(Records contained in a dataset)
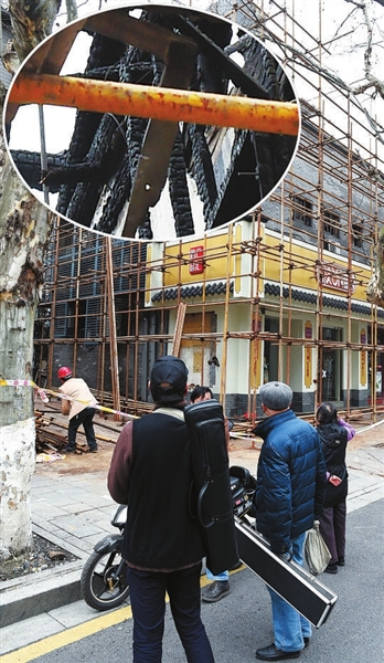 昨天下午,几位背着二胡的民乐爱好者,准备去位于杭州解放路官巷口的一家琴行“聚聚、会会”,不曾想这里已经遭遇火灾。只能站在警戒线外,透过脚手架的空隙,看着已被烧成木炭的房梁,连呼可惜。
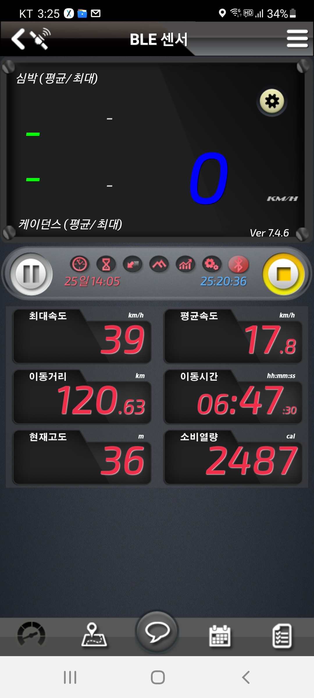 바이크티앱은 어제 종료를 제대로 하지않아 어제와 오늘의 라이딩을 연속으로 표시하고있다.
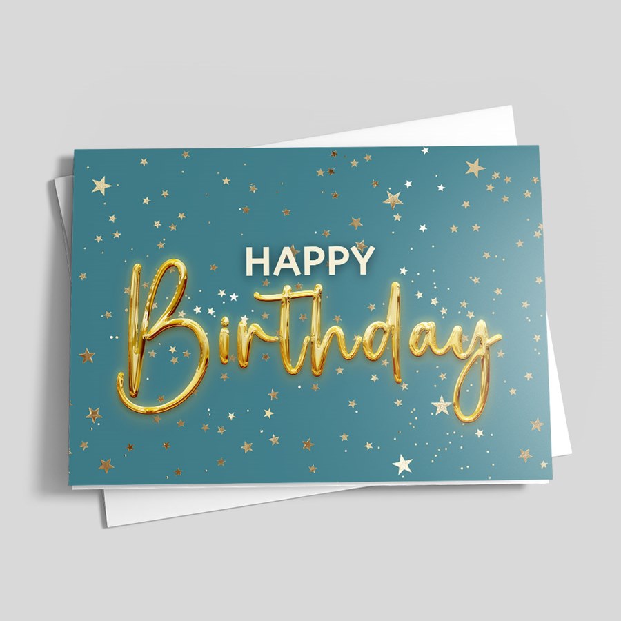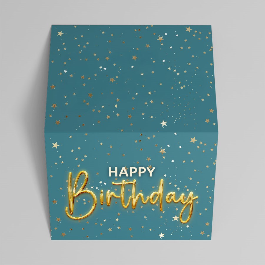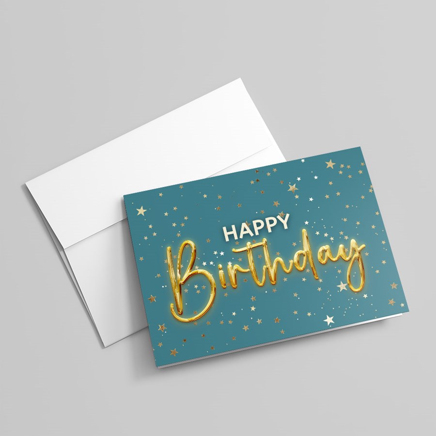 The Star Studded Birthday Card pairs a rich teal field with scattered gold and white stars and a striking typographic center: HAPPY in bold white beside Birthday in a metallic-effect gold script. This high-contrast composition and polished gold lettering deliver a memorable, upscale look suited to clients, colleagues and executives, while the clean white interior is left blank to accept a printed verse, signatures or your company logo. Designed for businesses that need affordable, fast, and versatile branded greetings, this card is perfect for client milestones, staff birthdays and executive acknowledgments. Personalize each piece with names, messages or your logo to maintain consistent corporate communication — from an established leader in premium business greetings for over 50 years and available with quick turnaround and customization options to fit campaigns and bulk orders.Common Customer Questions
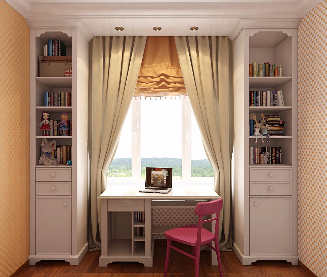 Стол у окна в детской можно оборудовать полками для книг и выдвижными ящиками для канцелярских принадлежностей.
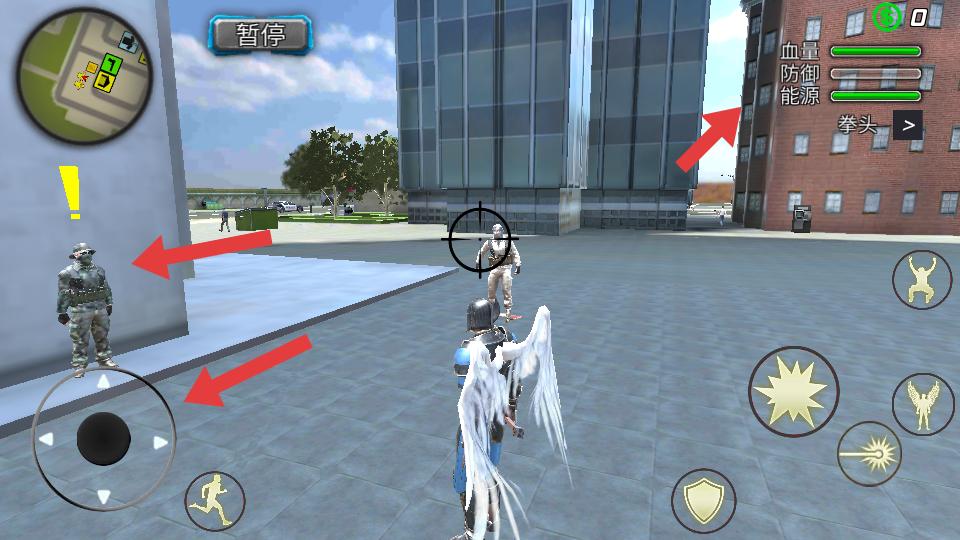 4、都市場景中,操控角色移動,與遇到的人物互動,利用右側技能等按鈕,應對場景中的情況,體驗超級英雄的冒險。
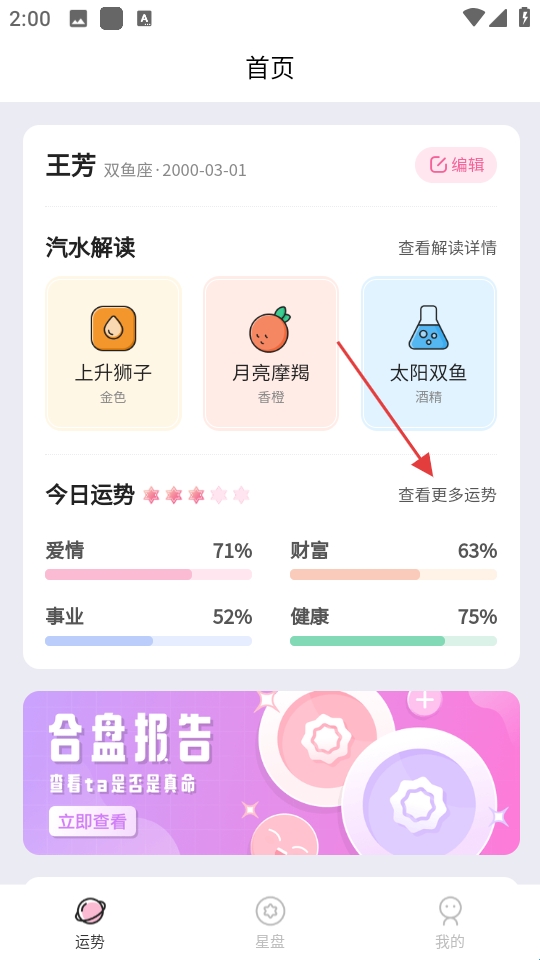 1、在首页,点击查看更多运势,进入运势详情页面。
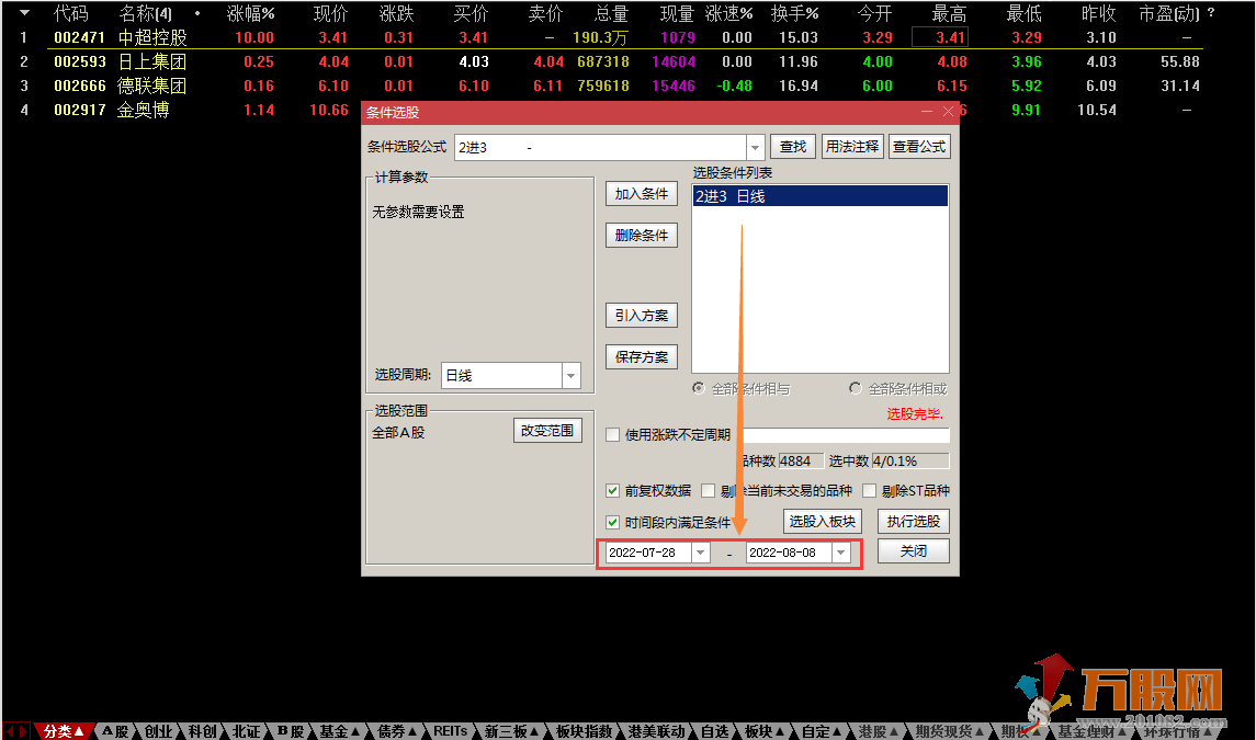1、ctrl+f 导入后可设置条件预警(或盘中直接检索)。

Brief => Up to and including the line containing "바이크티앱은 어제 종료를", quote each line of the entries above from the very first, please, exactly and without images.

Result =>
 昨天下午,几位背着二胡的民乐爱好者,准备去位于杭州解放路官巷口的一家琴行“聚聚、会会”,不曾想这里已经遭遇火灾。只能站在警戒线外,透过脚手架的空隙,看着已被烧成木炭的房梁,连呼可惜。
 바이크티앱은 어제 종료를 제대로 하지않아 어제와 오늘의 라이딩을 연속으로 표시하고있다.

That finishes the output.